In arguing that the balance of harms supports granting an injunction, the Sierra Club argues that the new coal-fired plant will pose risks to human health and the environment, RUS will not suffer any harm from being preliminarily enjoined from issuing further approvals, and any harm to Sunflower would be financial only and would be counterbalanced by the harm to the environment and human health. Id. at 37.

Opposition briefs are due August 31, and the Sierra Club’s reply brief is due September 14, 2009.

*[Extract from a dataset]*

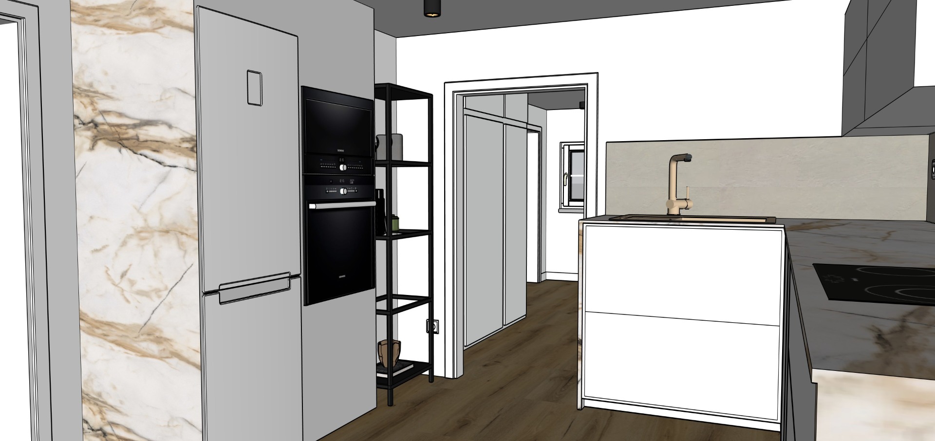 Na začátku jsme měli vlastní nápady, které jsme neustále měnily. 3D návrh od paní Moniky Domasové nám pomohl ujasnit si, která varianta je pro daný prostor nejvhodnější a jaké barevné ladění zvolit. Spolupráce s paní designérkou byla velice příjemná, rychlá a k naší spokojenosti. Sami bychom si byt tak hezky a prakticky nezařídili. Designérské služby paní Domasové mohu vřele doporučit.
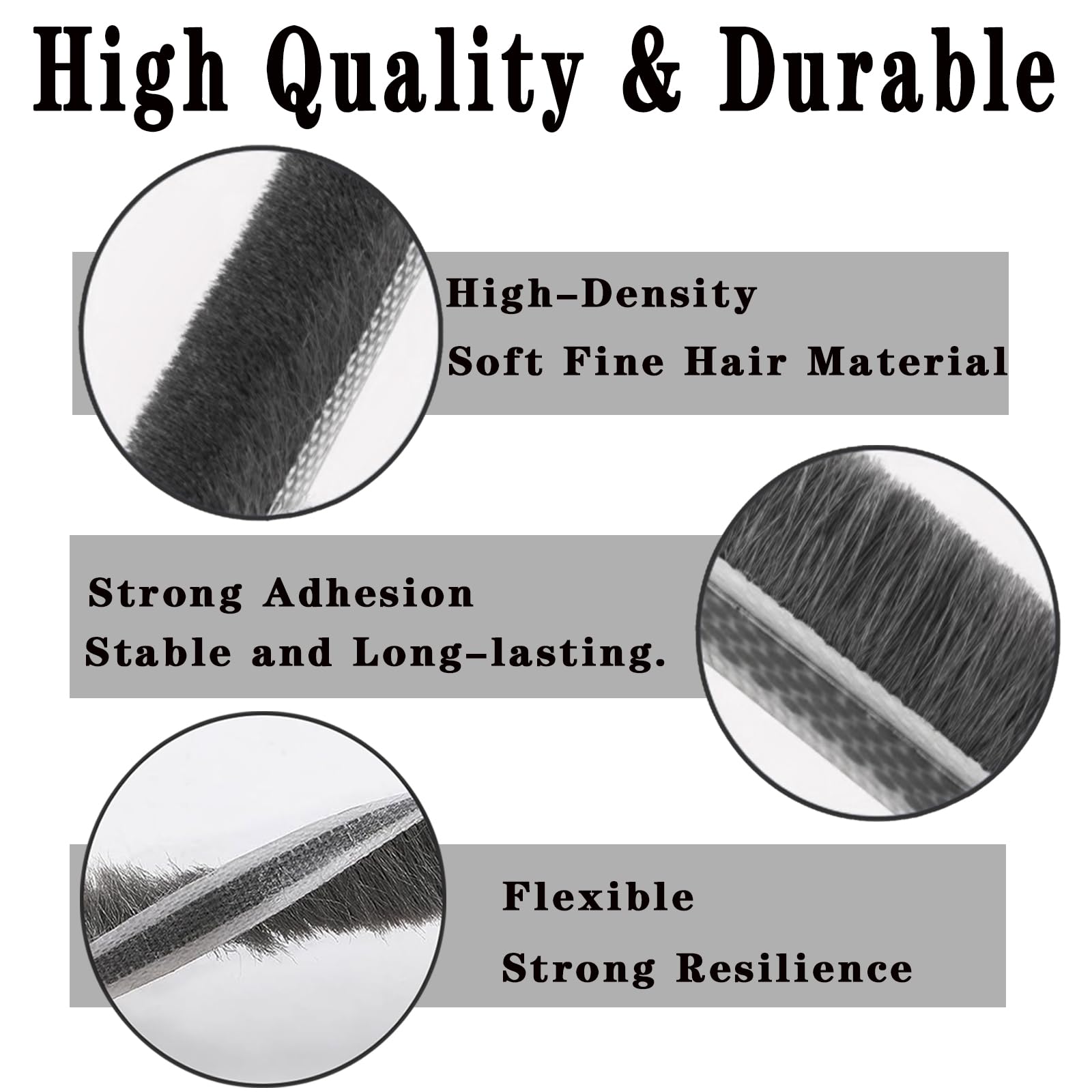 - 【Durable Material 】The Door weather stripping made of durable woven material, high-density, thick and soft fine hair material very furry/fluffy, ensures an excellent seal. Flexible enough, soft bending without deformation. Can accommodate irregular gaps in door and window frames. Can adapt to all kinds of weather, the adhesive is secure, not easy to shed and drop hairs.

The ETEC Case. In September 2008, East Texas Electric Cooperative, Inc. (ETEC) brought a preemptive suit against the Sierra Club and RUS, alleging that RUS had failed to process certain requests by ETEC for lien accommodations and other approvals with respect to the Plum Point Energy Station and John W. Turk, Jr. Power Plant. RUS had previously determined that these two projects were excluded from NEPA review based on ETEC’s minority interest in each plant. However, RUS had not then processed ETEC’s lien accommodation requests. ETEC asserted that RUS’s failure to process these routine requests was in response to the Sierra Club’s “wide-ranging assault on the construction of coal-fired generation facilities.” (Compl. ¶ 6.) In support of this contention, ETEC referred to both the August 2008 letter to Schafer and Andrew, noted above, and the Sunflower suit. ETEC asked for declaratory and injunctive relief requiring RUS to process these requests. East Texas Electric Cooperative, Inc. v. Sierra Club, Docket No. 2:08-cv-00364-TJW (E.D. Tex. filed Sept. 25, 2008).

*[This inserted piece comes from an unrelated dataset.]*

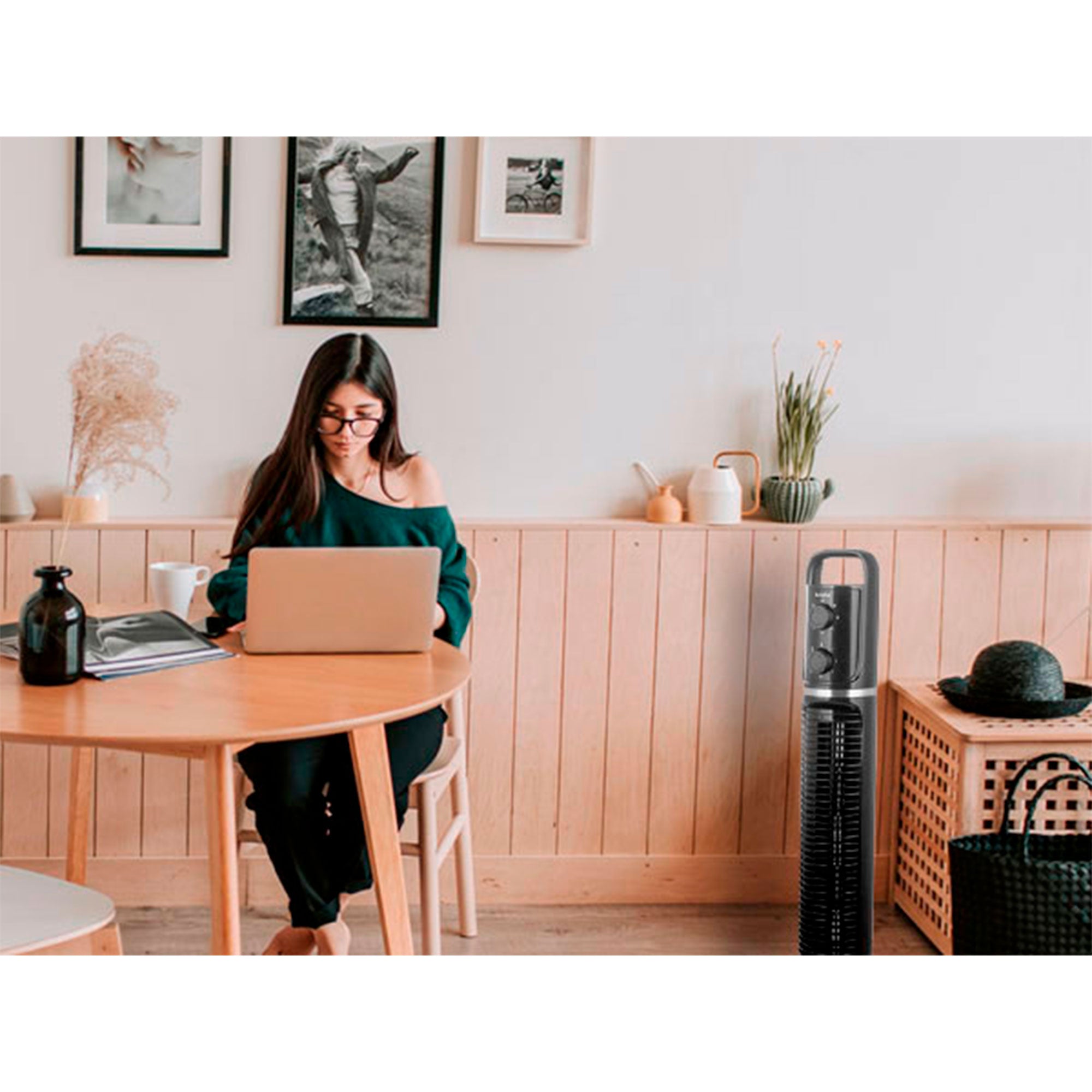 El ventilador de torre briebe es la solución perfecta para mantener tu espacio fresco y cómodo durante los días calurosos sin que la factura de la luz lo note en exceso. Con su diseño elegante y compacto este ventilador ofrece un potente flujo de aire y características ajustables para adaptarse a tus necesidades.

The Sierra Club opposed ETEC’s suit, arguing that the underlying issue was being litigated in the Sunflower case. The Sierra Club stated that “[i]f ETEC wants to litigate the NEPA obligations of RUS, it should appear in the D.C. District Court case rather than try to obtain a back-door declaratory relief order in this, a non-NEPA case.” (Sierra Club’s Mot. to Strike, filed Nov. 24, 2008.) The Sierra Club also argued that it was named as a defendant only in order to chill its exercise of First Amendment rights.

On April 24, 2009, RUS filed a motion to dismiss for lack of jurisdiction, arguing, as it did in Sunflower, that RUS’s discretionary decisions on loan applications are not judicially reviewable. RUS also noted that ETEC’s lien accommodation request for the Turk plant had been approved in February 2009, and the Plum Point request was pending. In its response to this motion, ETEC emphasized that it was not contesting any decision by RUS, but rather RUS’s refusal to make loan decisions.

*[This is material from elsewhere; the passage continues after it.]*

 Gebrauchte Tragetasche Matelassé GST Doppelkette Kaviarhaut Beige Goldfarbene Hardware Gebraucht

On May 28, 2009, ETEC filed a motion for leave to file an amended complaint, seeking to add a declaratory judgment claim. First, ETEC sought a broad ruling that 7 C.F.R. § 1794.3, discussed above, is lawful. Second, ETEC asked the court to validate RUS’s determination that, due to its minority interest, ETEC’s loan applications for the two projects were excluded from NEPA review.

RUS opposed ETEC’s motion to amend on the ground that ETEC’s new claim did not satisfy the constitutional “case or controversy” requirement. RUS asserted that RUS itself was not challenging the validity of its own regulations or its decision to exclude ETEC’s loan applications and approval requests from NEPA review. Thus, RUS argued, “there is no dispute for the Court to decide.” (Gov’t. Defs.’ Opp. to Pl’s. Mot. for Leave to Amend, at 10.)

On June 29, 2009, ETEC filed a short motion asking the court to dismiss its case. Alluding to changes in the credit markets and commercial lending practices, ETEC asserted that pursuing the lawsuit was no longer in its members’ best interests. RUS agreed to the dismissal, but the Sierra Club has asked that dismissal be conditioned on ETEC’s payment of the Sierra Club’s attorneys’ fees and costs. On July 30, the court issued a short order granting ETEC’s motion and denying the Sierra Club’s request for attorneys’ fees. The court stated that the case was still in its early stages and that the Sierra Club had not spent considerable time and effort defending the case.